Suffocation I think works OK as written; not the most realistic, but I've heard
enough stories of people surviving for relatively long periods without air and recovering that I'm OK with some fudge factor in my D&D games.
Here's how I plan to handle thirst:
Part of what a "short rest" entails is replenishing fluids. If you don't have water (or a reasonable substitute, sometimes fruit or other foods will do the trick), the first surge you spend during a short rest will have no effect, and you will be unable to regain that healing surge until you have drunk some water.
With this in place, characters will often be down a couple of surges before the 3-day mark (where the normal DMG rules start kicking in). It means that characters who exert themselves less will have a greater staying power. It also allows healing powers to help stave off the effects of thirst (i.e.,
healing word functions normally during rests as described in the PHB, it's reasonable to assume that it provides magical relief; warlord's give us a bit more of a narrative problem, but I'm okay with flavoring their
inspiring word as tips and tricks for prolonging survival). Most importantly of all (to me) is that it's very simple to use.

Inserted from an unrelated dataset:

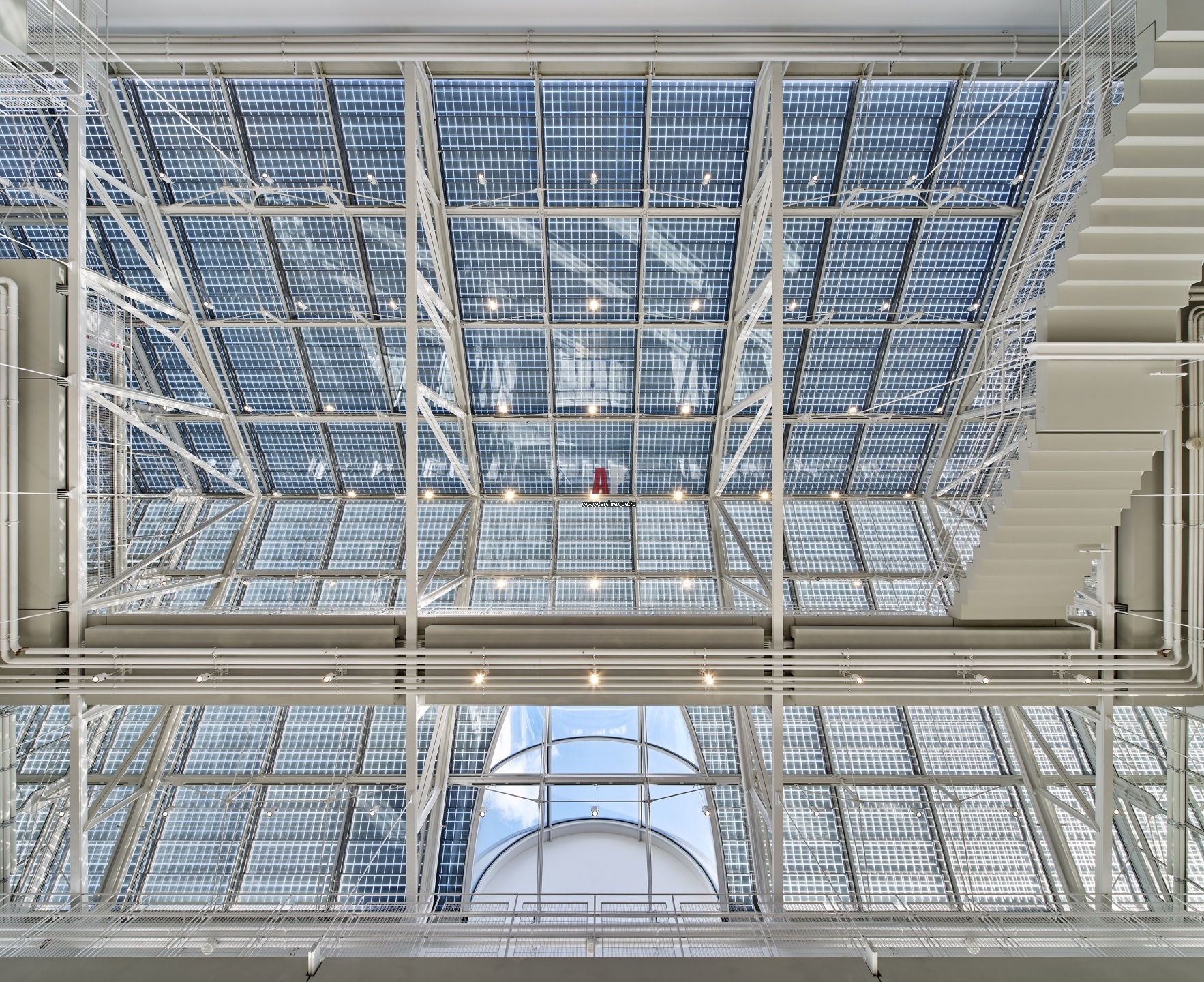 Историческая светопрозрачная кровля воссоздана. Для остекления произведено 4500 кв. м структурных двухкамерных стеклопакетов с закаленным архитектурным стеклом с HST и ответным термоупрочненным триплексом. На кровле смонтированы солнечные батареи, которые обеспечивают 10% от потребляемой комплексом энергии.

I'm a lot less worried about hunger for some reason - nearly any scenario I can come up with where it would matter I'd pull off as a skill challenge (either "find enough food to survive, if it's the PCs that are starving, or "find the NPCs before they starve" if the PCs are rescuing someone else). Instead of 3 failures being loss, we'll have each failure cost a surge (or similar).
At any rate, the reason the rules look the way they do (I think) is because of NPCs - a heroic tier NPC has to lose only one surge before taking HP damage and starting to die. PCs are, of course, more badass than this and can survive longer.